====== DATASET RECORDS ======

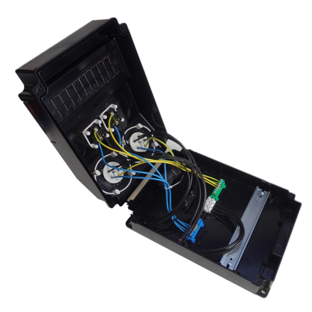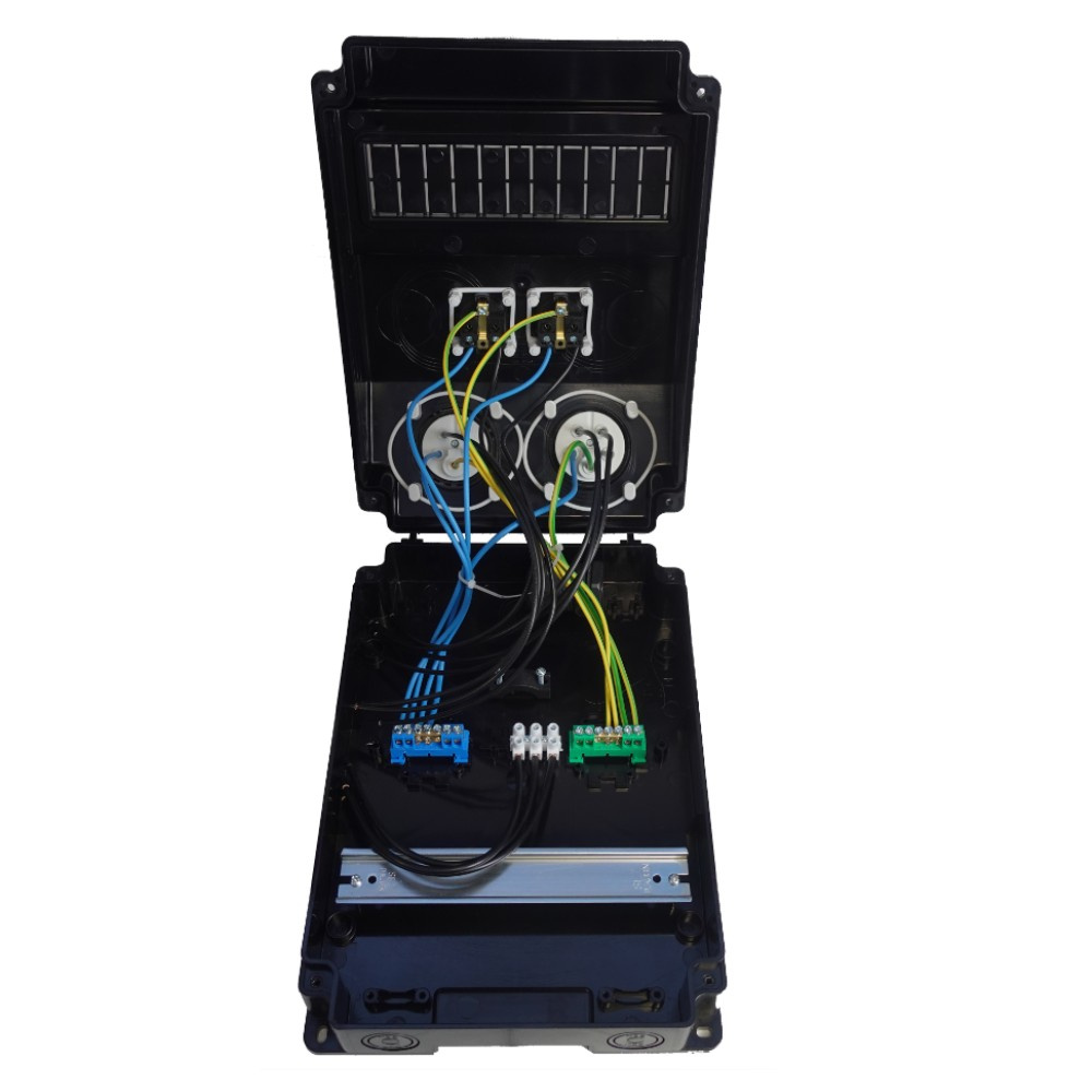 Stromverteiler mit schwarzem Gehäuse. Eignet sich ideal für dunkle Innenräume, z.B. Clubs, Bars, Restaurants, Hotels und überall wo weniger sichtbar sein soll
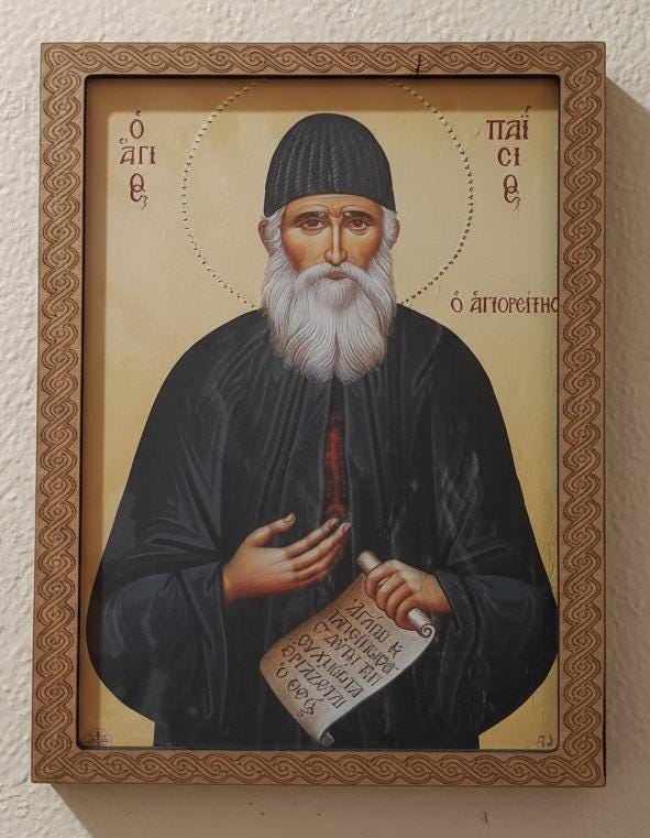 Icon of Saint Paisios, crafted with love and attention to detail. The icon measures 21 x 27 cm, with a durable MDF frame and high-quality vinyl printing, applied with a heat press onto plywood. A special piece that combines traditional iconography with modern technology, ideal for the home, office or as a gift with spiritual value.
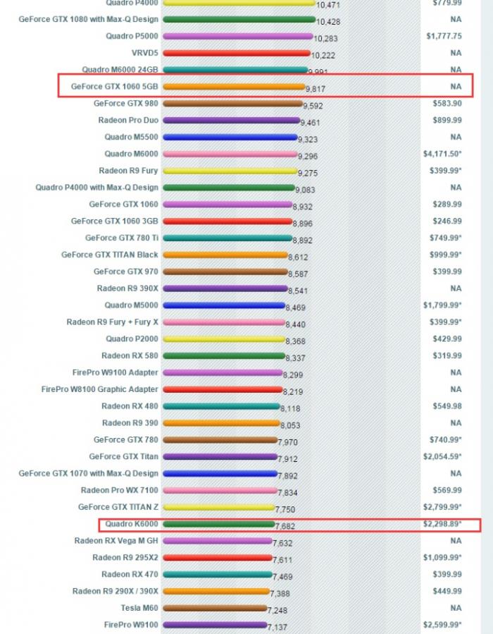 显卡想升级到丽台k6000,但是看了官网跑分,居然比gtx1060还低?
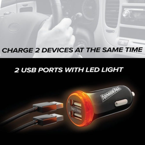 This convenient bundle includes the Armor All Universal Mount for Smartphone & GPS and the Armor All 2-Port Car Charger. The mount securely holds your phone or GPS in place, while the charger keeps your devices powered up. The mount can be attached to your windshield, dashboard, or air vent, and it can be rotated 360 degrees for the perfect viewing angle. The charger has two USB ports, so you can charge two devices at the same time. This bundle is the perfect way to keep your phone or GPS charged and secure while you drive.
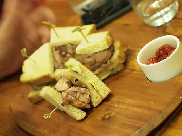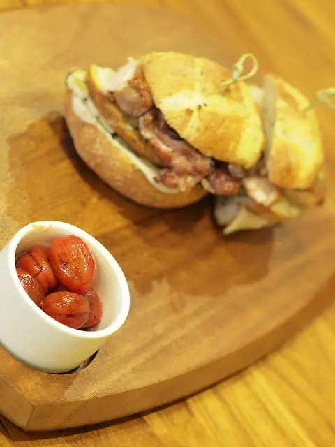 這是正常版的低溫烹調鮮嫩雞腿三明治/附上一小盅漬番茄(NT$280)

======

TASK ITEM: Reproduce the data above word for word from its first line through the line that holds "显卡想升级到丽台k6000,但是看了官网跑分,居然比gtx1060还低?", both ends included; skip pictures.

RESULT BELOW:
 Stromverteiler mit schwarzem Gehäuse. Eignet sich ideal für dunkle Innenräume, z.B. Clubs, Bars, Restaurants, Hotels und überall wo weniger sichtbar sein soll
 Icon of Saint Paisios, crafted with love and attention to detail. The icon measures 21 x 27 cm, with a durable MDF frame and high-quality vinyl printing, applied with a heat press onto plywood. A special piece that combines traditional iconography with modern technology, ideal for the home, office or as a gift with spiritual value.
 显卡想升级到丽台k6000,但是看了官网跑分,居然比gtx1060还低?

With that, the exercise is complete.